Six months ago (specifically: March 8, before even Bear Stearns had collapsed) I undertook a scenario planning exercise with Peter Schwartz, Steve Weber, and several other colleagues, trying to assess where this whole "sucker" (to use Bush's choice phrase) could possibly end up. We spent a lovely, sunny afternoon on Peter's balcony in the Berkeley Hills thinking rational but black thoughts about where it could all end up. 

By the end of the exercise, as we discussed the various risks in the system, and how it might all play out, we had laid out a scenario whereby the money center banks, that is, the very core of the Western financial system (in the U.S., these are Citigroup, JP Morgan Chase, and Bank of America) could end up insolvent, necessitating a wholesale nationalization of the banking sector. We then looked around the table at each other and tried to imagine what this would mean for Western capitalism and democracy, and it just seemed too crazy to even consider. Political and ideological apocalypse on a scale of the collapse of the Soviet Union.

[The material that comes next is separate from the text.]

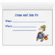 Dois personagens de desenho animados engraçados obtêm prontos por um dia na praia com aletas e câmaras de ar do snorkel com as palavras que é verão. O interior veio se juntar nos com linhas para onde e quando. Isto pode ser removido se você deseja lhe fazer um cartão.

We all sat there, feeling a little crazy, and then finally one of us (who shall remain, for now, unnamed) uttered the most taboo words in scenario planning: "That could never happen. Impossible." 

And we all agreed, and wrapped up the session.

Well, here's Australia's leading free-marketeer, writing in a Murdoch-owned paper:
Inevitably, the US, Britain and Europe are going to end up with nationalised banking systems in one form or another, and with governments guaranteeing not only their deposits but probably all their liabilities. The nationalisation will be a temporary emergency measure. But for some time at least the systemically important banks effectively are going to be public utilities and must be regulated accordingly.
The wholesale ideological and political collapse of Communism? There were lots of smart people as late as 1989 who said that couldn't ever happen, either....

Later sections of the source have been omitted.